Activity
What is needed is an exact repeat of the lines from the one holding "Direkt am exklusiven, rund" through the final line of the data, with no pictures.

Top of Data extract

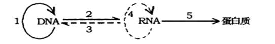 Ⅱ·下图是有关中心法则的模式图,它包括遗传物质的复制、转录、逆转录、翻译等过程,请据图回答下列问题。
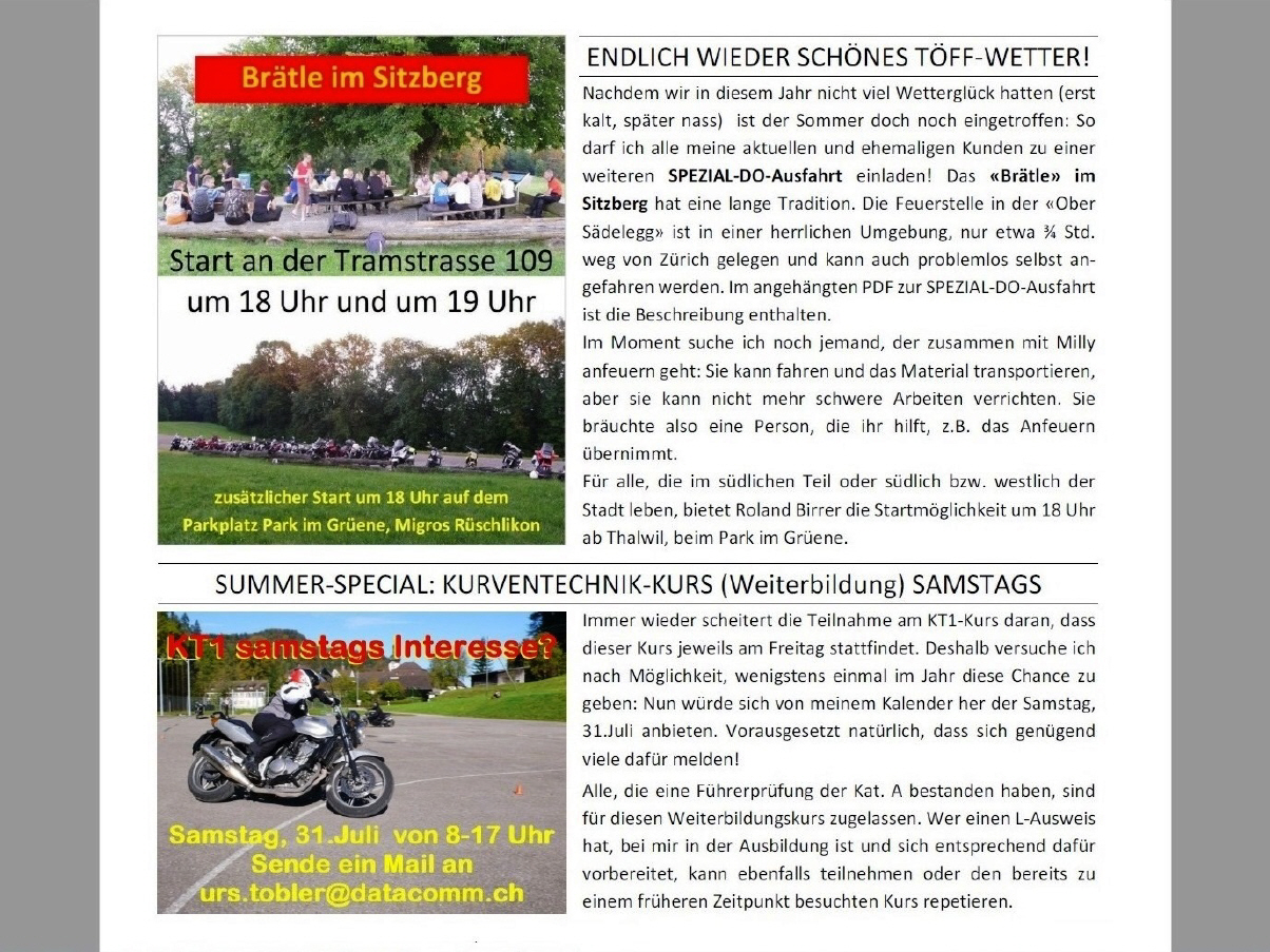 Unter Veranstaltungen gibt's AKTUELL DAS RENNSTRECKENTRAINING IN MOST/CZ: Kurzfristig noch Möglichkeit, mit einzusteigen! Wer allenfalls nur zum Zuschauen und Mitfiebern mitkommen möchte, ist herzlich eingeladen! Denn alleine die Strecke zu fahren ist unangenehm. (mit Motorrad und Teilnahme am Rennstreckentraining: Beteiligung an Benzinkosten, ohne Töff nur Hotelkosten ca. Fr. 200.-) Im Bus habe ich Platz für 1-2 Mitfahrende.
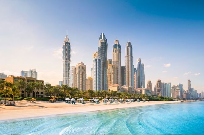 Direkt am exklusiven, rund 1 km langen, feinsandigen Privatstrand von Jumeirah, nahe der Dubai Marina, dem Emirates Golf Club und der bekannten Palm Jumeirah. Es verkehrt ein Gratis-Shuttlebus zur Shoppingmall und dem Aquaventure-Wasserpark. Zum Flughafen Dubai sind es ca. 35 km.
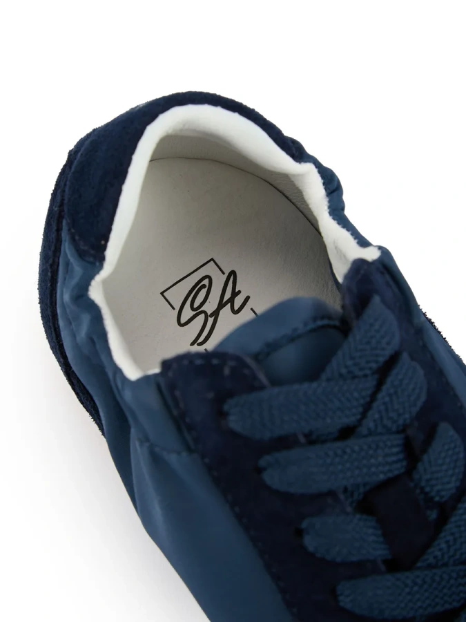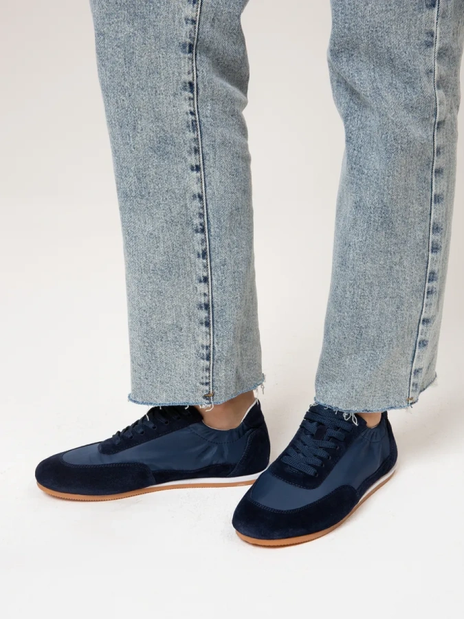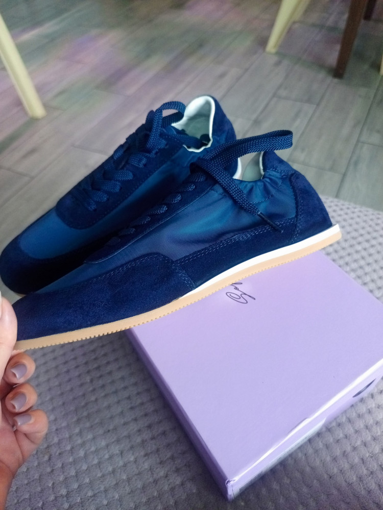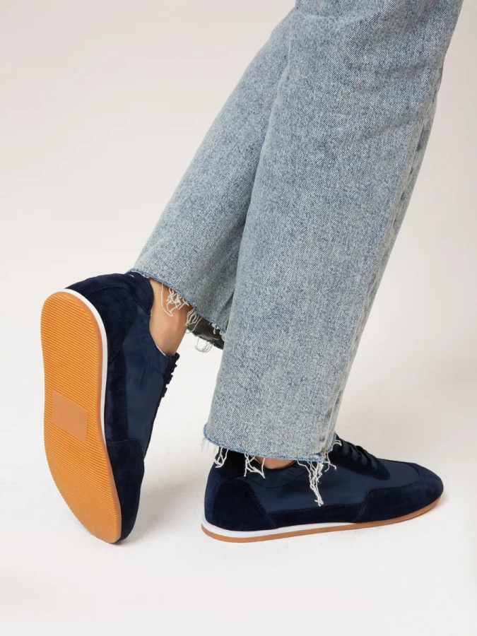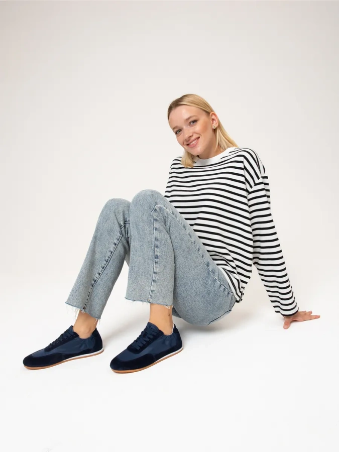 Верх кроссовок выполнен из замши и текстиля, что придаёт им особый шарм и обеспечивает комфорт в носке. Подкладка и стелька из 100% натуральной кожи гарантируют удобство и долговечность. Резиновая подошва обеспечивает отличное сцепление с поверхностью и износостойкость. Шнуровка позволяет регулировать плотность посадки, а минималистичный дизайн без каблука делает эти кроссовки универсальным решением для любого образа в стиле sport. Высота подошвы всего 0,7 см, а высота каблука — 1 см, что обеспечивает удобство и устойчивость при ходьбе.
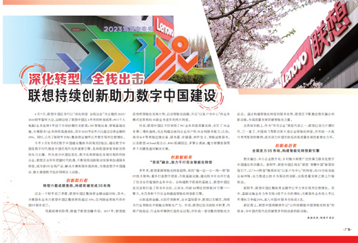 今年2月发布的《数字中国建设整体布局规划》指出,建设数字中国是数字时代推进中国式现代化的重要引擎,是构筑国家竞争新优势的有力支撑。作为亲历中国信息化、数字化和智能化发展历程的科技企业,联想正在牢牢把握时代机遇,不断坚持创新驱动发展和加速服务转型,成为新IT全栈产品、解决方案和服务提供商,为推进数字中国建设、做大做强数字经济持续注入动能。
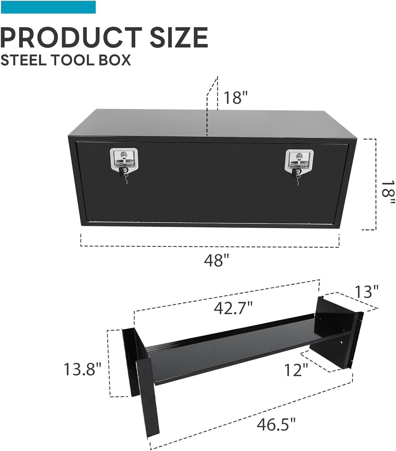 8 reviews for 48 Inch Steel Black Underbody Truck Tool Box w/Shelf,Double-deck storage Truck Storage Box,Waterproof Truck ToolBoxes With Lockable T-Handle Latch for RVs, ATVs, Trailer & Truck (48″x18″x18″)
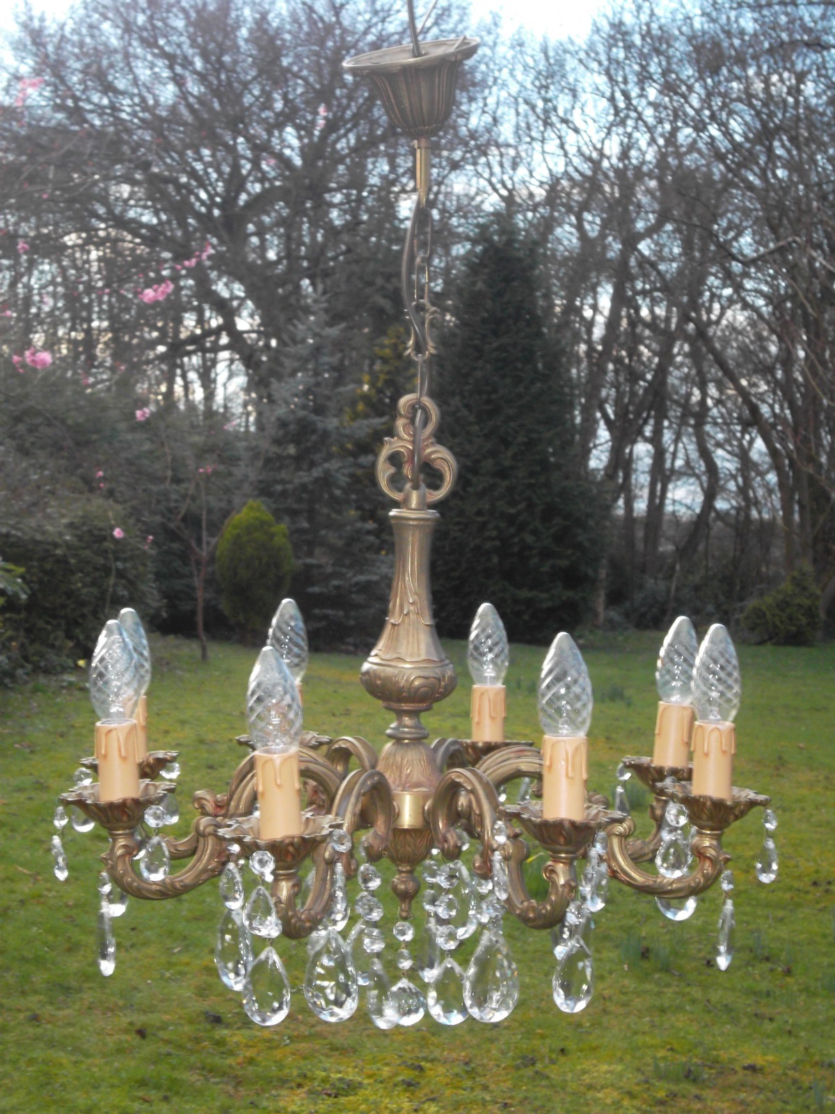 Very Pretty Vintage French 8 Arm Bronze Chandelier with Drops

Bottom of Data extract

Response
 Direkt am exklusiven, rund 1 km langen, feinsandigen Privatstrand von Jumeirah, nahe der Dubai Marina, dem Emirates Golf Club und der bekannten Palm Jumeirah. Es verkehrt ein Gratis-Shuttlebus zur Shoppingmall und dem Aquaventure-Wasserpark. Zum Flughafen Dubai sind es ca. 35 km.
 Верх кроссовок выполнен из замши и текстиля, что придаёт им особый шарм и обеспечивает комфорт в носке. Подкладка и стелька из 100% натуральной кожи гарантируют удобство и долговечность. Резиновая подошва обеспечивает отличное сцепление с поверхностью и износостойкость. Шнуровка позволяет регулировать плотность посадки, а минималистичный дизайн без каблука делает эти кроссовки универсальным решением для любого образа в стиле sport. Высота подошвы всего 0,7 см, а высота каблука — 1 см, что обеспечивает удобство и устойчивость при ходьбе.
 今年2月发布的《数字中国建设整体布局规划》指出,建设数字中国是数字时代推进中国式现代化的重要引擎,是构筑国家竞争新优势的有力支撑。作为亲历中国信息化、数字化和智能化发展历程的科技企业,联想正在牢牢把握时代机遇,不断坚持创新驱动发展和加速服务转型,成为新IT全栈产品、解决方案和服务提供商,为推进数字中国建设、做大做强数字经济持续注入动能。
 8 reviews for 48 Inch Steel Black Underbody Truck Tool Box w/Shelf,Double-deck storage Truck Storage Box,Waterproof Truck ToolBoxes With Lockable T-Handle Latch for RVs, ATVs, Trailer & Truck (48″x18″x18″)
 Very Pretty Vintage French 8 Arm Bronze Chandelier with Drops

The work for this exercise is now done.